Norma McCorvey, the anonymous plaintiff in Roe v. Wade, the landmark Supreme Court decision that legalized abortion in the United States, died Saturday at an assisted-living facility in Katy, Texas. She was 69.
Journalist Joshua Prager, who was reportedly working on a book about Roe v. Wade, confirmed that McCorvey died of heart failure, according to The Washington Post.
McCorvey was dealing with abuse, addiction and an unwanted pregnancy when she filed suit in 1970 as the anonymous plaintiff "Jane Roe" to battle for her right to an abortion. She never actually had an abortion ― the child she gave birth to in 1970 was adopted ― but she went on to fight for reproductive rights until the decision was handed down in 1973.

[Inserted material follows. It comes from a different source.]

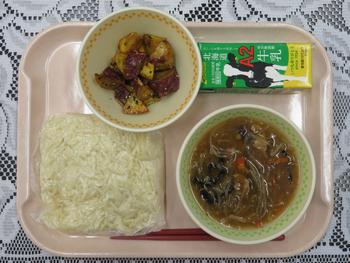 ラーメン)、大学いも、牛乳です。

The Huffington Post's Jenavieve Hatch reports:
McCorvey became a pro-choice poster child, working for women's centers in Texas and California in the '80s and early '90s. But in 1995, Operation Rescue, a Christian group focused on making abortion illegal, moved in next door to the Dallas abortion clinic where she worked. According to The New York Times, McCorvey bonded with members of the group over time, and was baptized in August of that year. Since then, she has been an ardent pro-life activist, and in 1998 she fully converted to Catholicism.
Since Roe v. Wade, some 50 million legal abortions have been performed in the United States, though state and federal laws have imposed a range of restrictions on abortions and other reproductive rights.
McCorvey remains a divisive American character who's been the subject of three autobiographies, several films and some great reporting.
Prager's profile on her for Vanity Fair paints a picture of an "accidental activist" who struggled through three pregnancies and trouble at home before she took on the job of being one of the country's most infamous plaintiffs.